Work task: Write out every entry exactly; the pictures do not belong in the copy.
───
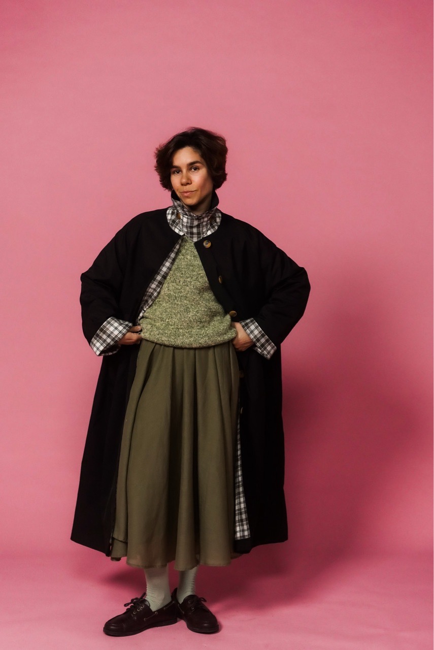 Плащ свободного кроя из ткани с пропиткой c водоотталкивающим эффектом. Плащ идет с подкладом, имеет закрытые швы, есть карманы. На горле перемычка.
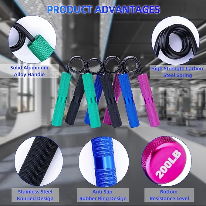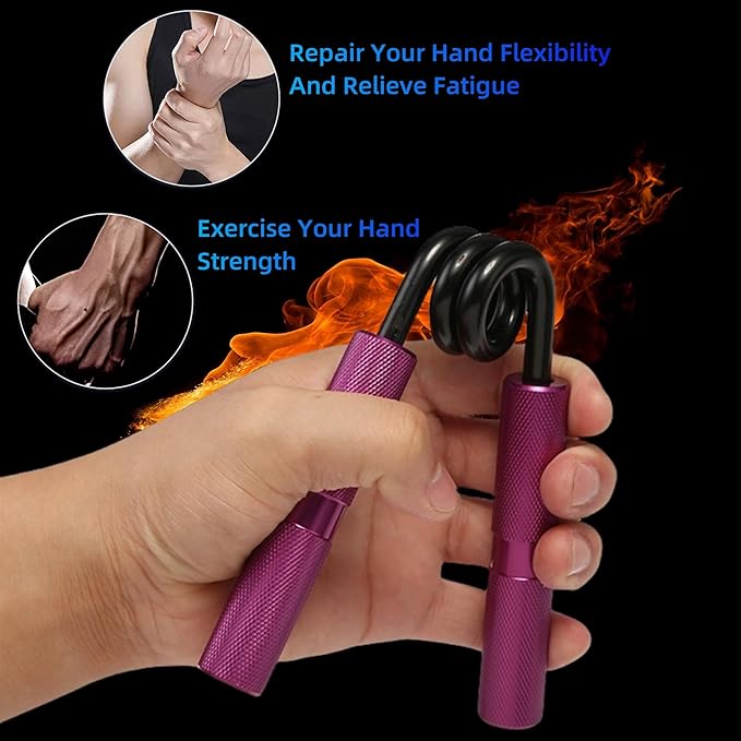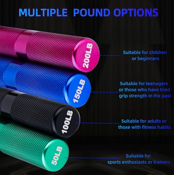 - Hand Exercises for Strength:Our hand grip strengthener set offers 4 levels of resistance (Green 50, Black 100, Blue 150, Purple 200 LBS) to meet the training needs of different groups. You can also gradually increase the strength level of exercise according to the color, and improve grip strength. Its ergonomic and ambidextrous design enables efficient finger, hand, wrist, and forearm muscle training for improved grip strength.
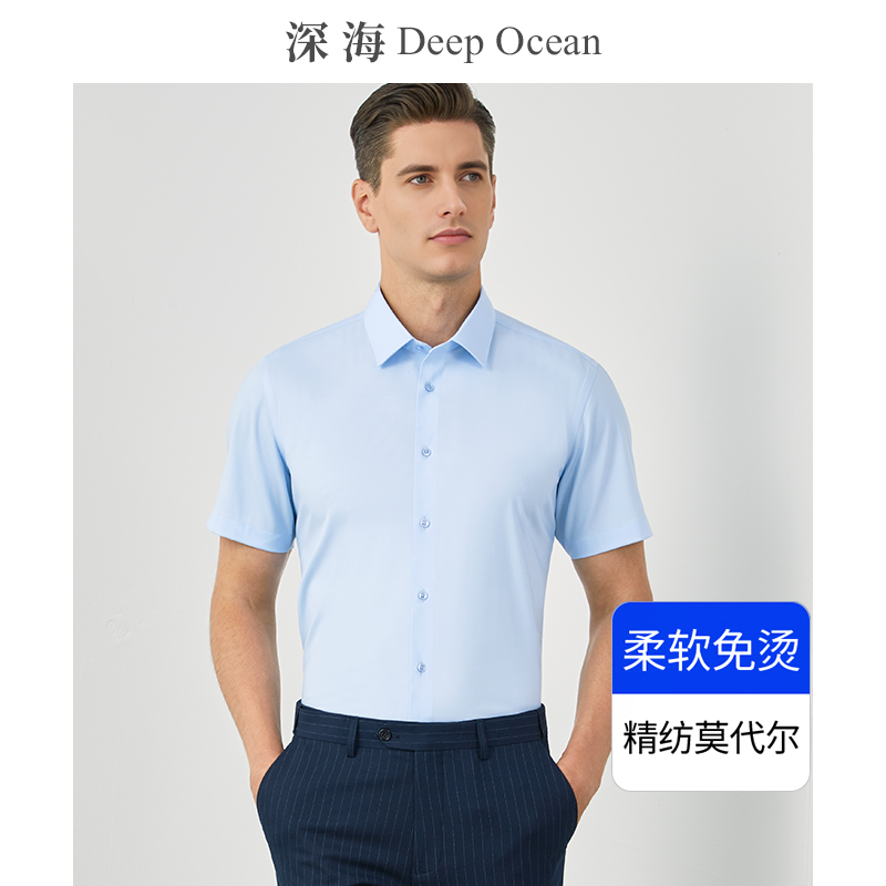 深海衬衣男士夏季莫代尔细纺微弹免烫衬衫短袖男商务休闲正装男装
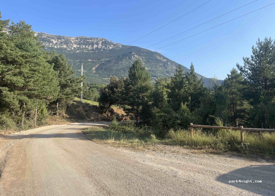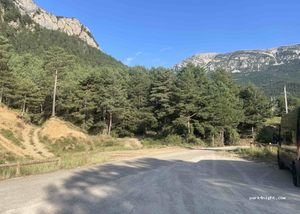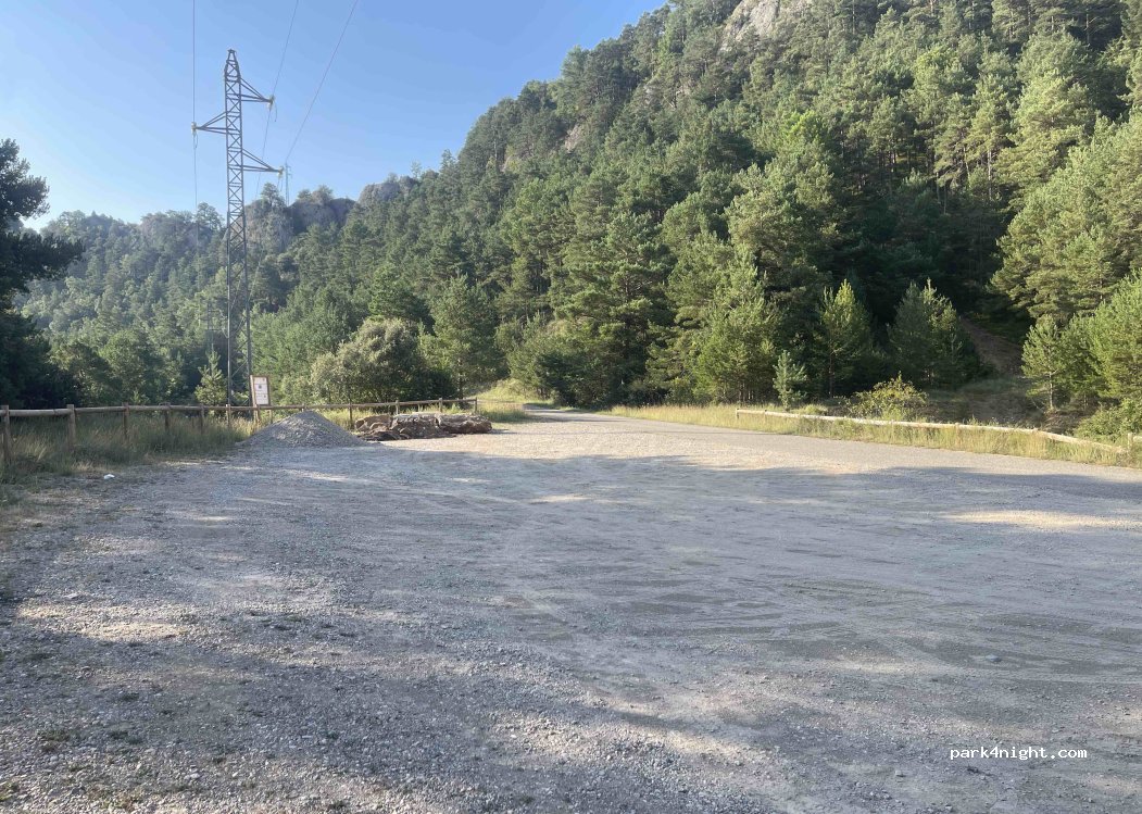 Lloc amb espai per aparcar vàries furgonetes, al costat de la carretera aparentment tranqui•la. Em passat la nit de Dissabte a Diumenge i el jovent de la zona només feien que passar amb els cotxes a munt i a vall pitant i amb la música a tope cada cop que passavent per davant de nosaltres, tota la nit. Mal lloc pel cap de setmana.
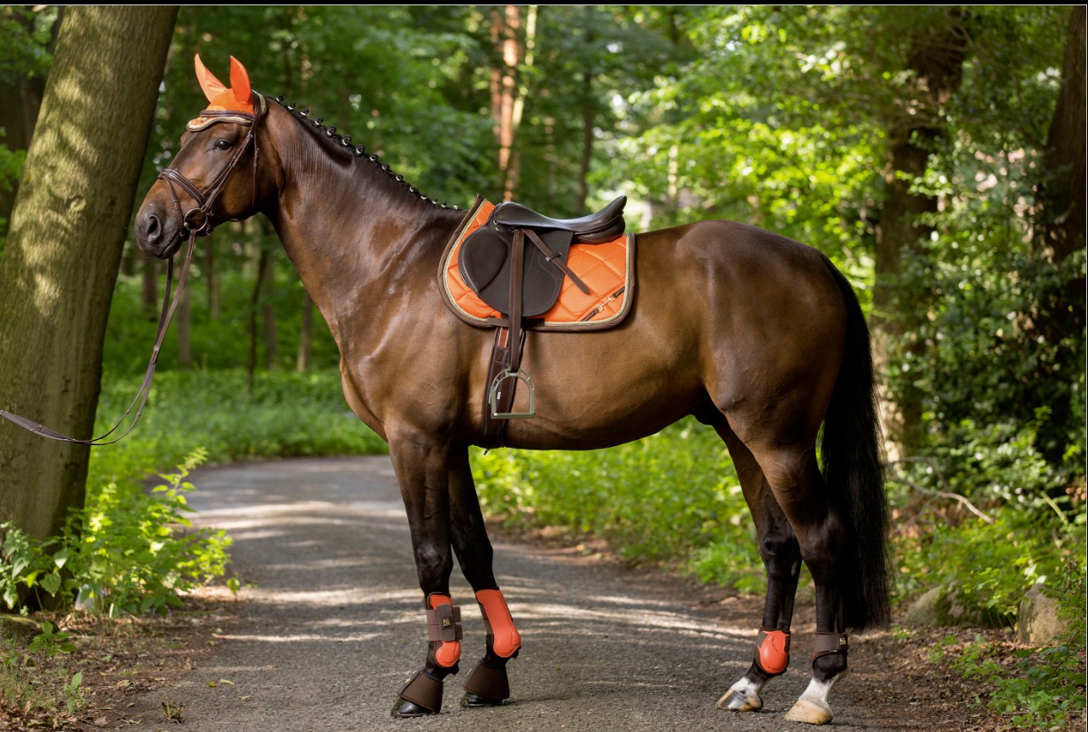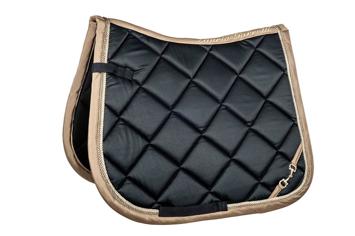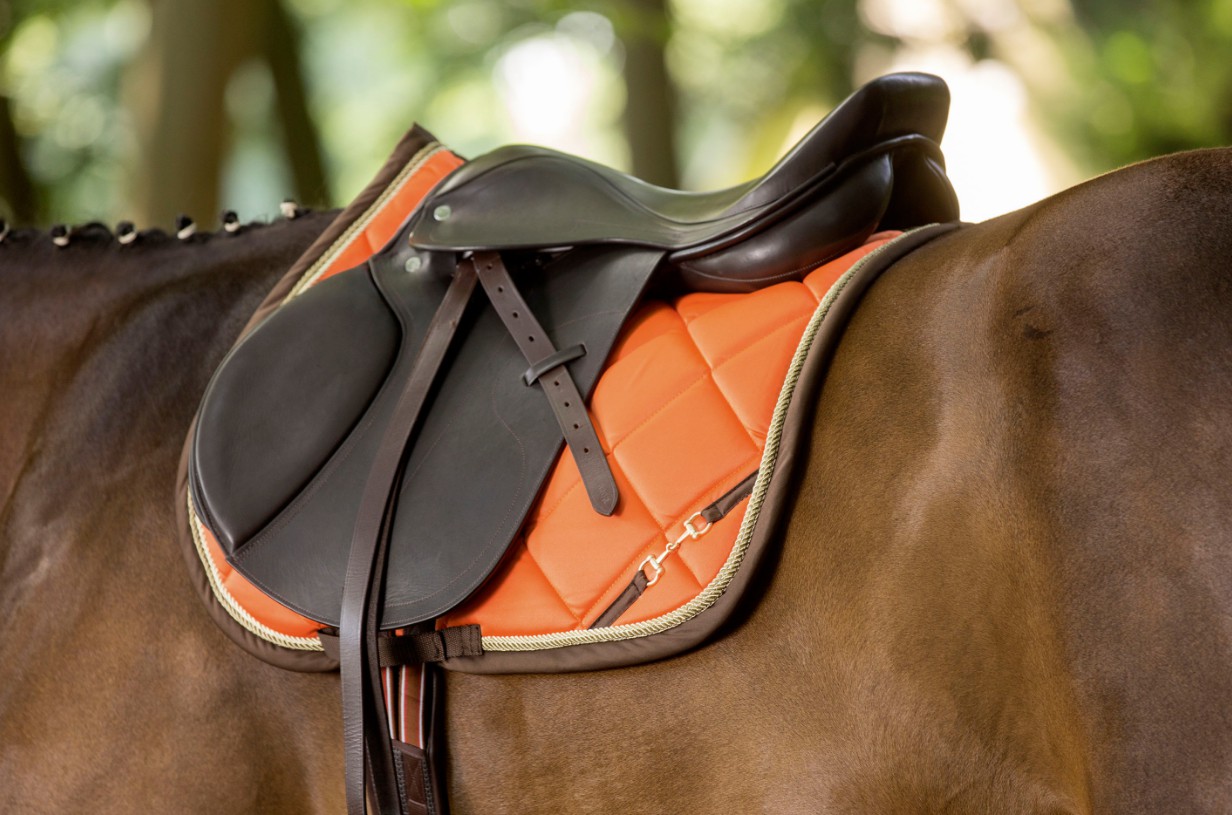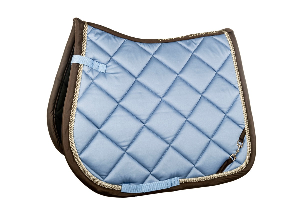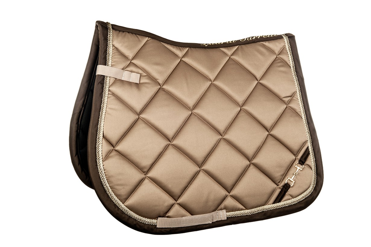 Podsedlová dečka s netradičním proševem, logem v provedení udidla a měkkou výstelkou.
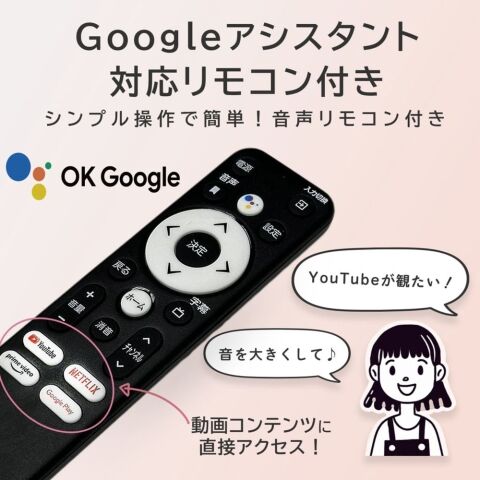 リモコンに向かって話すだけで、コンテンツの検索、音量の調整などを簡単操作! You Tube、Amazonプライムビデオ、NETFLIX、Google Playの4つの動画配信サイトのダイレクト選定機能を搭載。
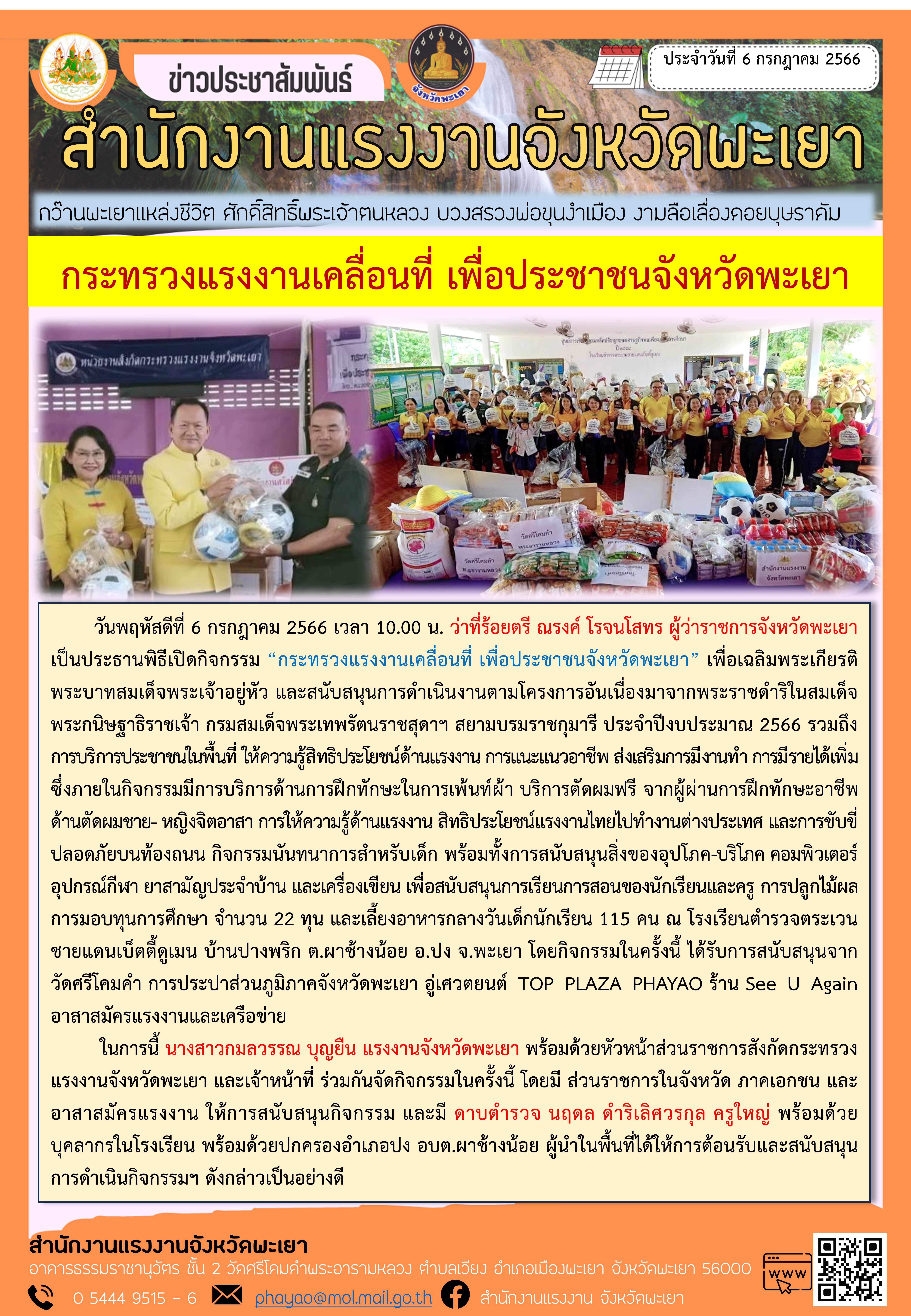 สรจ.พะเยา กระทรวงแรงงานเคลื่อนที่ เพื่อประชาชนจังหวัดพะเยา
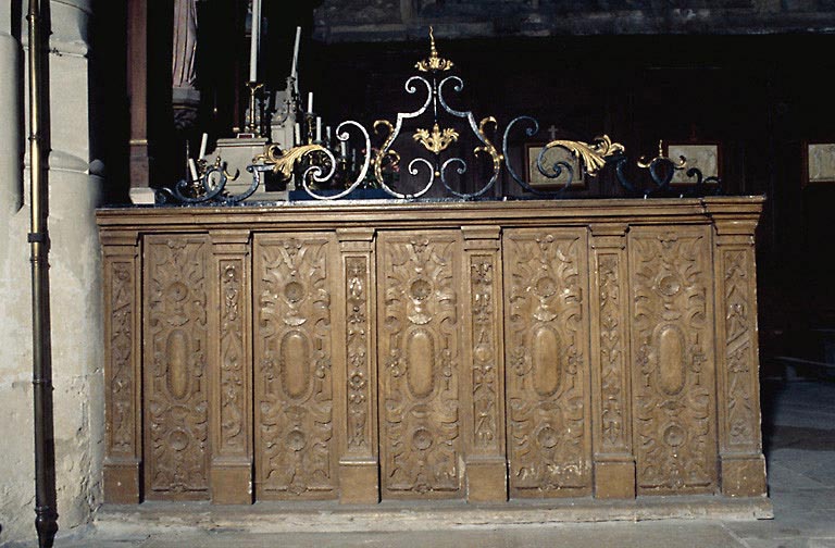Chaque élément de la clôture se compose de cinq panneaux séparés par six pilastres et assemblés par rainures et languettes. Les parties en chêne reçoivent en couronnement une ornementation en fer forgé. Deux ouvrants pour la clôture de choeur, un ouvrant par chapelle.
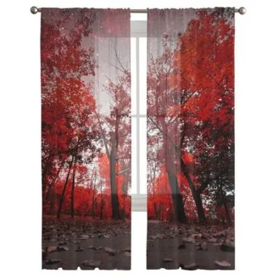 Кленовые листья Красный лес Звездное небо Тюлевые прозрачные оконные шторы для гостиной Спальня Современная вуаль из органзы Шторы Портьеры W135 x H137cm x2
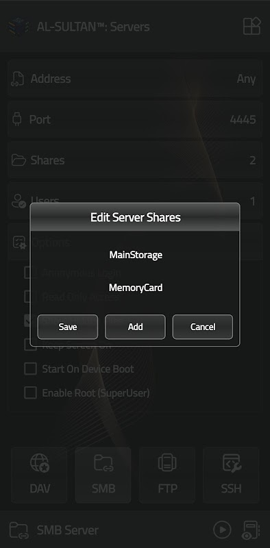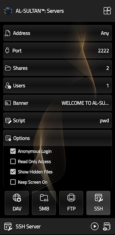 Servers è un'applicazione veloce e sicura che offre i server più comunemente utilizzati: server FTP, server SMB v3, server WebDav e server SSH.
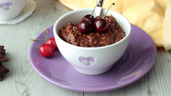 Pomešajte mleko, pirinač i šećer, pa kuvajte. Zatim postepeno dodajete seckanu čokoladu i mešajte dok se skroz ne otopi. Na kraju dodajete puter koji čekate da se otopi, isto uz mešanje. Ukrasite trešnjama ili nekim drugim voćem po želji.
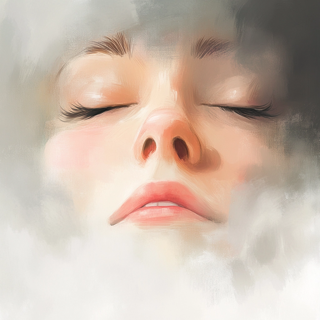 The composition features muted colors, achieving a soft textural quality through delicate brushwork with blended edges.
───
Response below:
 Плащ свободного кроя из ткани с пропиткой c водоотталкивающим эффектом. Плащ идет с подкладом, имеет закрытые швы, есть карманы. На горле перемычка.
 - Hand Exercises for Strength:Our hand grip strengthener set offers 4 levels of resistance (Green 50, Black 100, Blue 150, Purple 200 LBS) to meet the training needs of different groups. You can also gradually increase the strength level of exercise according to the color, and improve grip strength. Its ergonomic and ambidextrous design enables efficient finger, hand, wrist, and forearm muscle training for improved grip strength.
 深海衬衣男士夏季莫代尔细纺微弹免烫衬衫短袖男商务休闲正装男装
 Lloc amb espai per aparcar vàries furgonetes, al costat de la carretera aparentment tranqui•la. Em passat la nit de Dissabte a Diumenge i el jovent de la zona només feien que passar amb els cotxes a munt i a vall pitant i amb la música a tope cada cop que passavent per davant de nosaltres, tota la nit. Mal lloc pel cap de setmana.
 Podsedlová dečka s netradičním proševem, logem v provedení udidla a měkkou výstelkou.
 リモコンに向かって話すだけで、コンテンツの検索、音量の調整などを簡単操作! You Tube、Amazonプライムビデオ、NETFLIX、Google Playの4つの動画配信サイトのダイレクト選定機能を搭載。
 สรจ.พะเยา กระทรวงแรงงานเคลื่อนที่ เพื่อประชาชนจังหวัดพะเยา
Chaque élément de la clôture se compose de cinq panneaux séparés par six pilastres et assemblés par rainures et languettes. Les parties en chêne reçoivent en couronnement une ornementation en fer forgé. Deux ouvrants pour la clôture de choeur, un ouvrant par chapelle.
 Кленовые листья Красный лес Звездное небо Тюлевые прозрачные оконные шторы для гостиной Спальня Современная вуаль из органзы Шторы Портьеры W135 x H137cm x2
 Servers è un'applicazione veloce e sicura che offre i server più comunemente utilizzati: server FTP, server SMB v3, server WebDav e server SSH.
 Pomešajte mleko, pirinač i šećer, pa kuvajte. Zatim postepeno dodajete seckanu čokoladu i mešajte dok se skroz ne otopi. Na kraju dodajete puter koji čekate da se otopi, isto uz mešanje. Ukrasite trešnjama ili nekim drugim voćem po želji.
 The composition features muted colors, achieving a soft textural quality through delicate brushwork with blended edges.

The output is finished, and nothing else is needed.